If you sign a commercial lease in Ottawa, Ontario, for example, you’re considered a commercial tenant. As such, you are governed by Ontario’s Commercial Tenancies Act, which generally provides fewer rights than a residential tenant would have. 

However, even if local zoning laws consider the premises commercial, a tenant may still be considered a residential tenant if the premises are mainly used as a home. The best way to avoid legal trouble is to be upfront about what the possibilities are when touring prospective commercial properties to rent. 


What Happens if I Get Caught Trying to Create a Live / Work Situation at Leased Commercial Real Estate?


Any tenant that breaches the terms of their lease may end up being evicted from the building. Additionally, if the breach in the contract is illegal, the tenant could be fined and may be pursued legally by their landlord.

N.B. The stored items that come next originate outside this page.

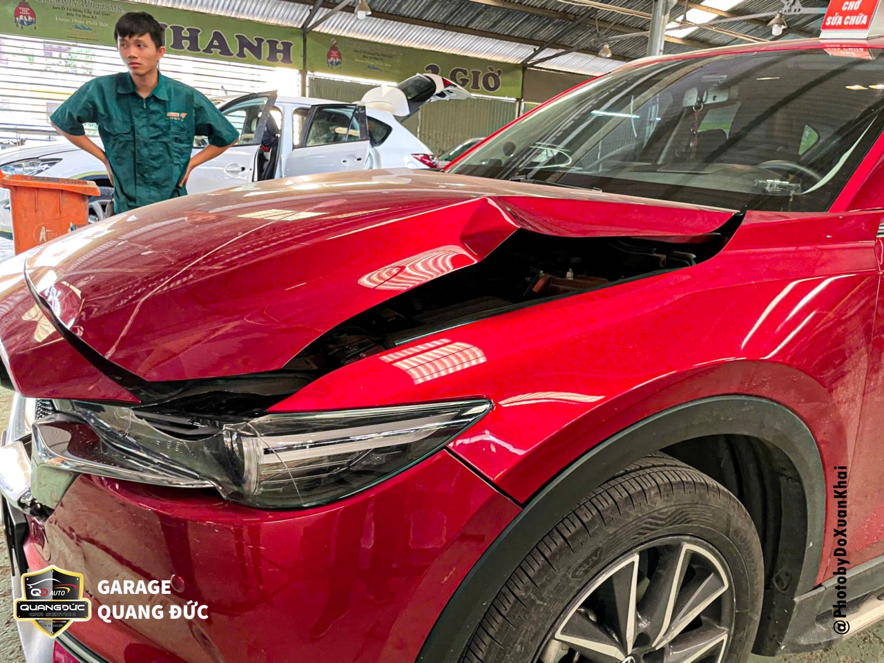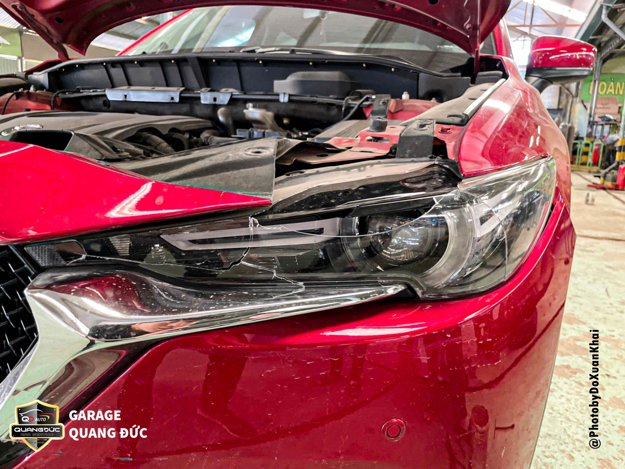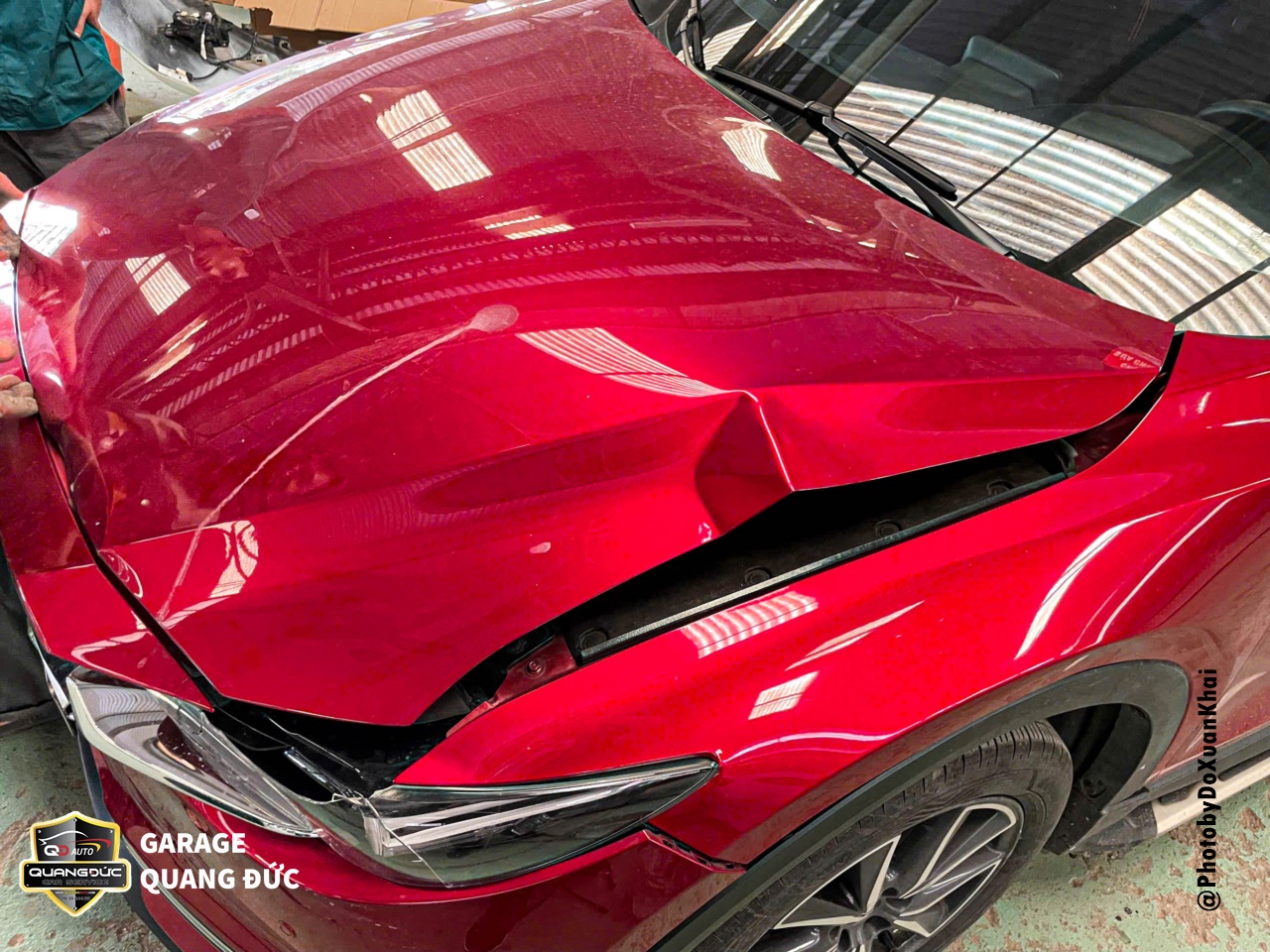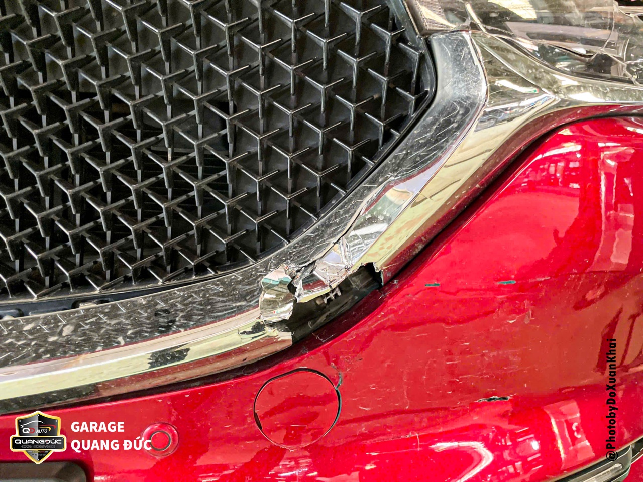 Việc phục hồi xe sau tai nạn là một quá trình quan trọng để đảm bảo an toàn và hiệu suất của phương tiện. Trong trường hợp của chiếc xe MAZDA CX5 màu đỏ 46V, sau khi gặp tai nạn và phần đầu bị vỡ đèn, rách Badershock (BDS), biến dạng nắp capo, xô lệch tai xe. Vì vậy, để tân trang lại diện mạo sang trọng vốn có, chủ xe đã lựa chọn Garage Quang Đức Auto để tiến hành phục hồi, sửa chữa.
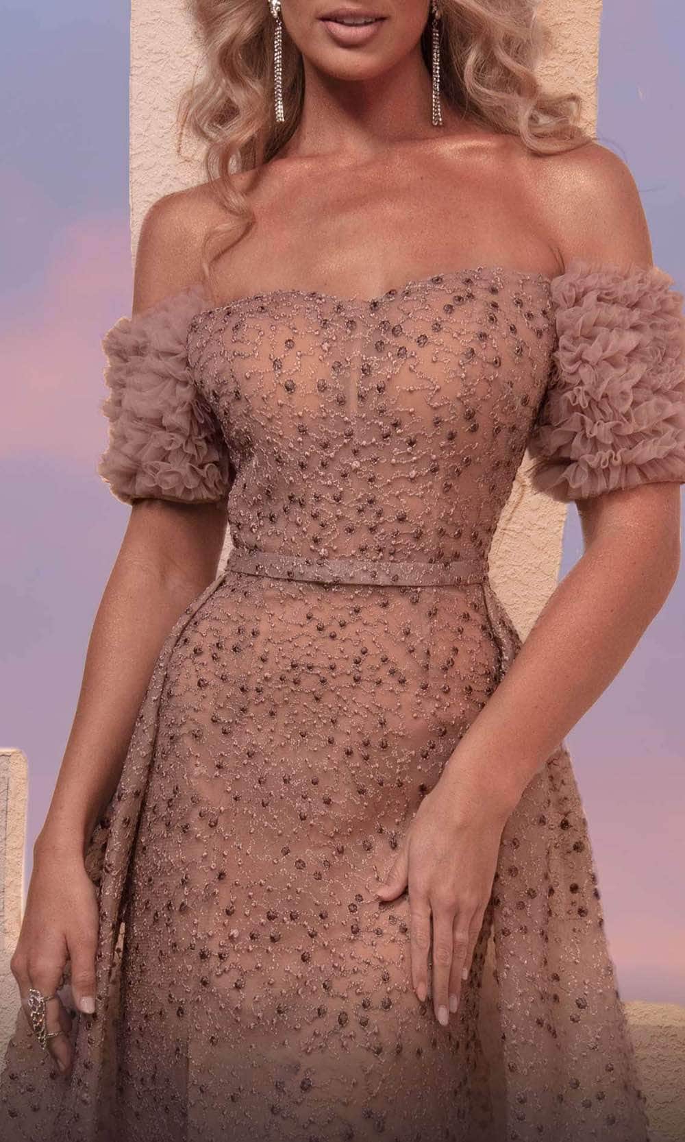 Let your fashion choices reflect your stylish flair and impeccable taste with this MNM Couture M0100 creation. Riddled with beaded embellishments allover its length, this gown features a structured off shoulder bodice with shirr-ornate straps wrapping the arms. A thin ban wraps the natural waist. A high slit charms the mermaid skirt as a grandiose overskirt drapes into a trailing train. Be the ethereal vision to covet for in this MNM Couture masterpiece. Model is wearing the Beige color.
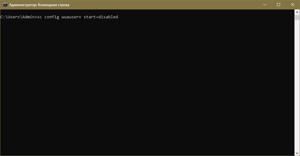 - sc config wuauserv start=disabled – команда для временного отключения обновления системы.
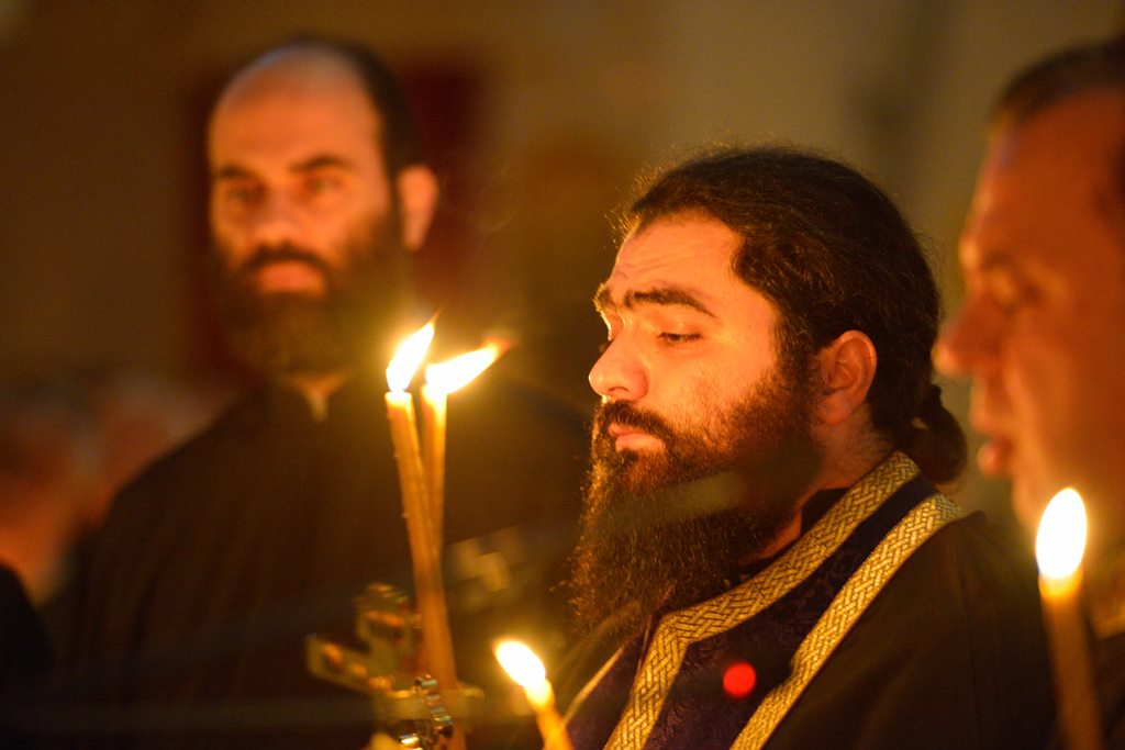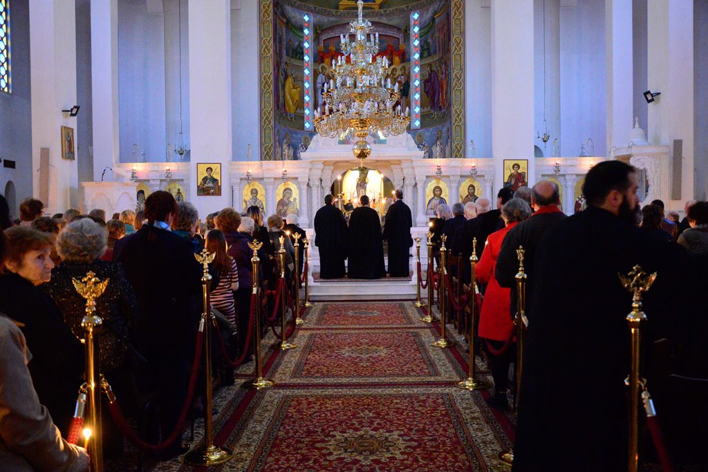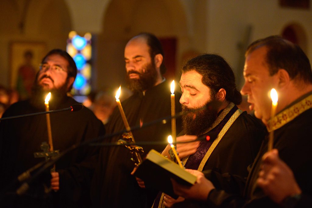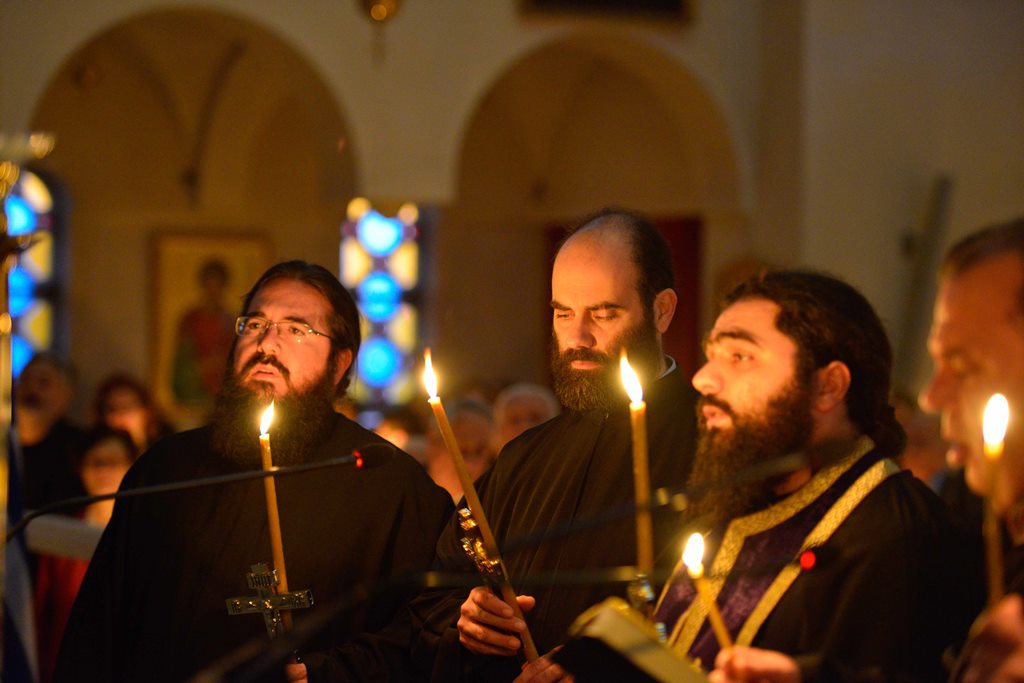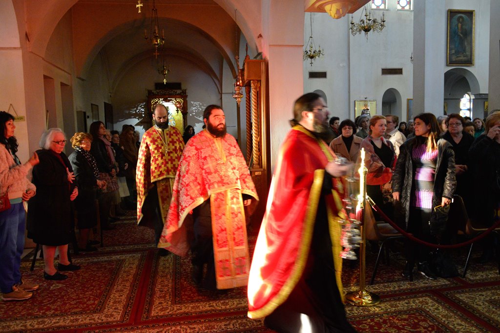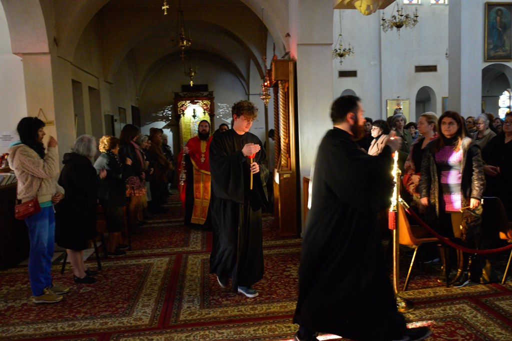 Οι Πατέρες του Ναού μαζί με τους Ιεροψάλτες έψαλλαν κατανυκτικά τα τροπάρια της Ακολουθίας ενώ στο τέλος ανεγνώσθη από τους Πατέρες και η συγχωρητική ευχή.
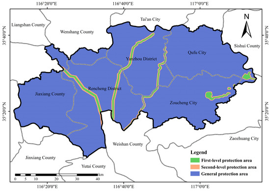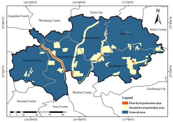- Ecological protection zones: These zones are mainly distributed within national (provincial, municipal) ecological protection areas, wetland parks, and lake–reservoir-type drinking water sources, representing typical ecological protection areas. To maintain ecological and geo-environmental stability in these areas, the large-scale exploitation and utilization of groundwater resources should be avoided. It is recommended to control the intensity of extraction during development and utilization, ensuring the relative stability of groundwater levels, maintaining a reasonable ecological water level, and avoiding ecosystem degradation. For areas with good water quality, the aim is to maintain the existing water quality, while for areas affected by pollution, protection and restoration measures should be prioritized.
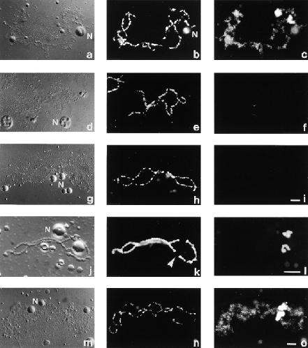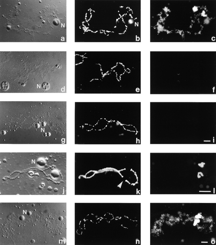 Figure 3. Localization of ADAR1 to LBC loops is RNA dependent. Staining of bivalent no. 3 with SAT4 antiserum. (a, d, g, j, and m) DIC image, (b, e, h, k, and n) DAPI staining, and (c, f, i, l, and o) staining with Sat4 in the fluorescein channel. (a–c) ADAR1 is localized to LBC loops and is specifically enriched on a special loop. (d–f) Staining with Sat4 can be blocked by ADAR1 peptide. (f) SAT signal is almost completely diminished when the antiserum was blocked with ADAR1 peptide originally used for the immunization. (g–i) SAT staining is sensitive to RNAse treatment. LBCs were digested with RNAse before staining with Sat4 antiserum. (g) The loops appear “stripped” after RNAse treatment, and (i) no signal can be observed in the fluorescein channel. (j–l) Treatment with actinomycin D inhibits transcription and diminishes staining of regular loops but not of the special loop on bivalent no. 3. (j) DIC image of bivalent no. 3 prepared from an oocyte after incubation in AMD. The chromosomal axes is condensed and shows no transcriptionally active loops. Also nucleoli (N) change their morphology. (k) The condensed, shortened chromosomal axes is well stained with DAPI. The position of the special loop forming a “double loop bridge” is seen by the interrupted DAPI staining of the chromosomal axes on both homologues (arrowhead). (l) As transcription is inhibited no ADAR1 staining can be observed. Only the special loop is still brilliantly labeled by SAT4 antiserum. (m–o) Injection of an unrelated oligonucleotide temporarily inhibits transcription but does not affect ADAR1 localization on the special loop on bivalent no. 3. (m) DIC image of bivalent no. 3 prepared from an oocyte 24 h after injection of an oligonucleotide. The presence of loops on the chromosome indicates that transcription has already resumed. (n) DAPI image of the same region. (o) ADAR1 can be detected on most transcripts and on the special loop by staining with SAT4 antiserum. Note: Shortly after injection of the oligo transcription seizes and no ADAR1 staining can be detected on regular loops (not shown). However, staining of the brilliantly labeling loop is not affected by this treatment. Bars, 10 μm.
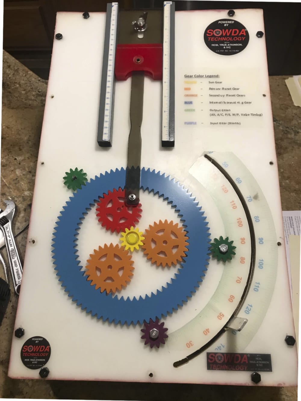 The Sowda® Engine is a trademarked, patented, “Revolutionary yet Simple,” gear-based crank assembly mechanism. This engine has an Infinitely Variable Compression (IVC) adjustment from 8:1 to 24:1 (or much higher whereas the prototype is 40:1 ratio) for dual-fuel (gasoline-diesel) capability. This engine (4-stroke only) has True Atkinson with up to 50% longer power/exhaust strokes over the intake/compression strokes. The Sowda engine does not utilize a multi-journal crankshaft. The Sowda engine utilizes one crank-pin per cylinder with a single-piece connecting rod and low friction roller bearing verses plain bearings. Better fuel economy and lower emissions is obtained by incorporating the Sowda gear-based mechanism into any piston-driven, 2-stroke or 4-stroke internal combustion engine (ICE). The increase in engine efficiency is obtained by: utilizing a True-Atkinson (TA) cycle; Infinitely Variable Compression (IVC) ratios; and applying low friction components.
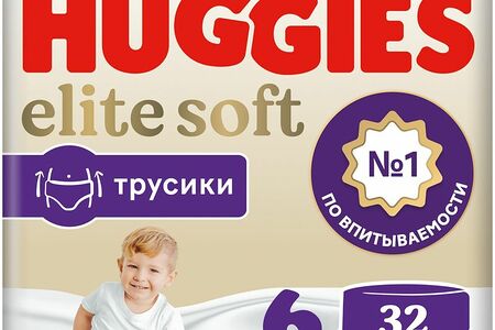 Подгузники-трусики Huggies Elite Soft р.6 15-25кг, 32шт доставка
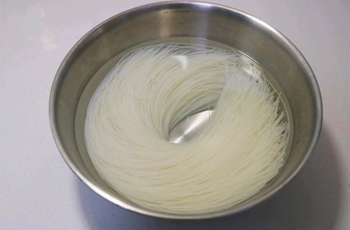 6、凉水泡了一晚的细米粉,这样泡过之后更好煮。

The best advice is usually to find out exactly how your location is zoned, speak to your landlord, and get advice from someone that is an expert in this area. 

While the financial incentive to carve out a little personal living area (with a small kitchen, a place to hang personal wall art, etc.)  in your place of work may be tempting, it’s usually not worth it over the long run. Imagine if you accidentally started a fire, or if your washing machine experienced a malfunction and you flooded part of the building. Do you think the insurance company would be happy to pay for the repairs, no questions asked? 

You might end up with a huge financial liability if you damage the property. Ultimately, if you rent or lease commercial real estate – whether it is an office, a workshop, or an industrial building – it’s best not to try to outsmart the law, and stick to the use the property was designed for.